En Europe, les ventes de carburant russe dépassent l’aide totale de l’UE à l’Ukraine
La hausse des prix du gaz en Europe, attribuée à la récente incursion de l’Ukraine à Koursk, contribue à augmenter les revenus du Kremlin provenant de la vente de combustibles fossiles, creusant ainsi l’écart avec le montant total de l’aide de l’UE à Kiev.
La hausse des prix du gaz en Europe, attribuée à la récente incursion de l’Ukraine à Koursk, contribue à augmenter les revenus du Kremlin provenant de la vente de combustibles fossiles, creusant ainsi l’écart avec le montant total de l’aide de l’UE à Kiev.
Depuis que la Russie a lancé son invasion de l’Ukraine en février 2022, les États membres de l’UE ont déboursé 200 milliards d’euros pour l’achat de combustibles fossiles russes, principalement du pétrole et du gaz, selon une analyse du think tank Centre for Research on Energy and Clean Air (CREA).
Parallèlement, l’Institut de Kiel pour l’économie mondiale estime que l’aide totale de l’UE et des États-Unis à l’Ukraine ne s’élève qu’à 185 milliards d’euros.
Les recettes russes provenant des ventes de gaz, qui représentent un peu moins de la moitié des revenus qu’elle tire de la distribution d’énergie à l’UE, devraient en outre être stimulées par une hausse inattendue de 13 % du prix du gaz la semaine dernière.
En cause : l’incursion ukrainienne dans la province russe de Koursk, d’où Gazprom achemine le gaz vers l’Europe. Cette attaque a incité les opérateurs à agir en prévision d’une réduction des flux de gaz, expliquent les experts.
« La tendance à la hausse est un pari spéculatif sur des perturbations du côté de l’offre », écrit la revue spécialisée EnergyFlux.
Les observateurs préviennent que la flambée des prix peut s’effondrer, car les perturbations ne sont « en aucun cas certaines de se produire », écrit Seb Kennedy d’EnergyFlux. L’expert Tom Haddon a quant à lui qualifié cette hausse d’« exagérée ».
Si l’Europe a nettement réduit ses importations d’énergie en provenance de Russie, la hausse du prix du gaz déclenchée par l’offensive de Koursk met en évidence un problème plus grave : l’argent européen continue d’affluer vers le Kremlin en échange d’énergie.

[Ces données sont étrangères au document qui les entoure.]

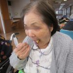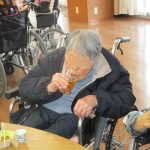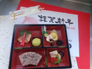 さて、元旦に施設長から新年の挨拶をさせて頂き、昼から食前酒としてノンアルコールビールと甘酒を嗜みながらおせち料理を堪能して頂き、午後より再びお神酒を嗜みながら焼き餅を召し上がって頂きました。
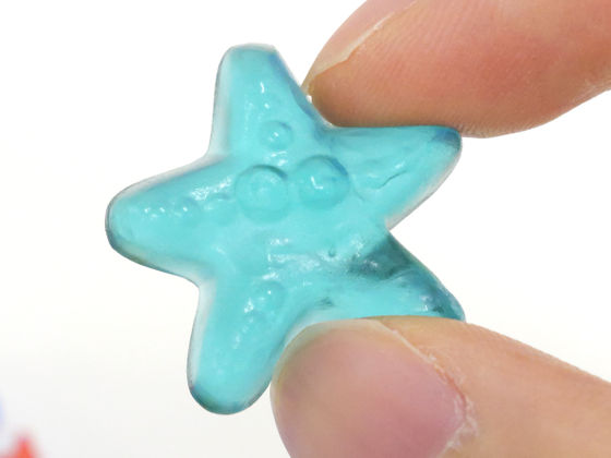 いろいろな形をした青いグミがいくつか入っていました。若干の清涼感と、りんごのようなブルーベリーのような少しの酸味を感じられるグミです。

Rien qu’entre le 29 juillet et le 4 août, les États membres de l’UE ont versé à la Russie plus de 400 millions d’euros, principalement pour acheter du gaz — que le Kremlin peut désormais vendre plus cher grâce à la hausse des prix — et du pétrole, note le CREA.
Ces sommes restent dérisoires par rapport aux flux financiers observés précédemment — de 5,3 milliards d’euros en mars 2022 contre 1,5 milliard d’euros aujourd’hui — mais elles signifient que, même si l’UE a parcouru un long chemin pour réduire sa dépendance énergétique à l’égard de Moscou, elle est loin d’en être totalement libérée.

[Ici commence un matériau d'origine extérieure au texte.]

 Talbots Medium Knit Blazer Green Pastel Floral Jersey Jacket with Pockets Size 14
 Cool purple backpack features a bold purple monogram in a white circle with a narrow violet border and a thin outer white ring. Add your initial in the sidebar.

En effet, le charbon russe, qui ne représentait qu’une faible part du marché, a été totalement banni dans l’UE, mais il n’en va pas de même pour les autres sources d’énergie.
Alors que la Russie fournit aujourd’hui moins de 3 % du diesel de l’UE, contre environ 50 % en 2021, et moins de 5 % de son pétrole brut, contre 25 % il y a trois ans, selon une analyse du think tank Bruegel, les importations totales de gaz en provenance de Russie ont chuté d’environ 75 % au cours de la même période, les flux des gazoducs passant de 155 milliards de mètres cubes (mmc) à 27 mmc en 2023.

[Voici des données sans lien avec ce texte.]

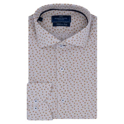 Superior Beige Shirt with Miniature Design 100% Fine Cotton (Modern Fit)

L’augmentation des importations de gaz naturel liquéfié (GNL) russe a toutefois permis d’amortir la baisse globale.
L’Europe « reste le principal client du gaz russe acheminé par gazoduc et du GNL », a souligné en mars une alliance interpartis de députés européens, qui a demandé l’interdiction de toutes les matières premières énergétiques russes.
La situation signalée à l’époque reste inchangée aujourd’hui. Un ensemble de contrats à long terme des pays enclavés dépendant des oléoducs de l’Est et l’absence de restrictions sur les cargaisons de GNL font que l’argent européen alimente toujours la machine de guerre du Kremlin, comme le dénonçaient les eurodéputés dans leur lettre.
Depuis le début du mois d’août, les États membres de l’UE ont le pouvoir d’interdire unilatéralement le GNL russe lorsque les nouvelles règles du marché du gaz de l’Union entreront en vigueur. Jusqu’à présent, aucun pays n’a pris cette mesure, bien que la Lituanie ait appelé à l’abandon du GNL russe en juillet.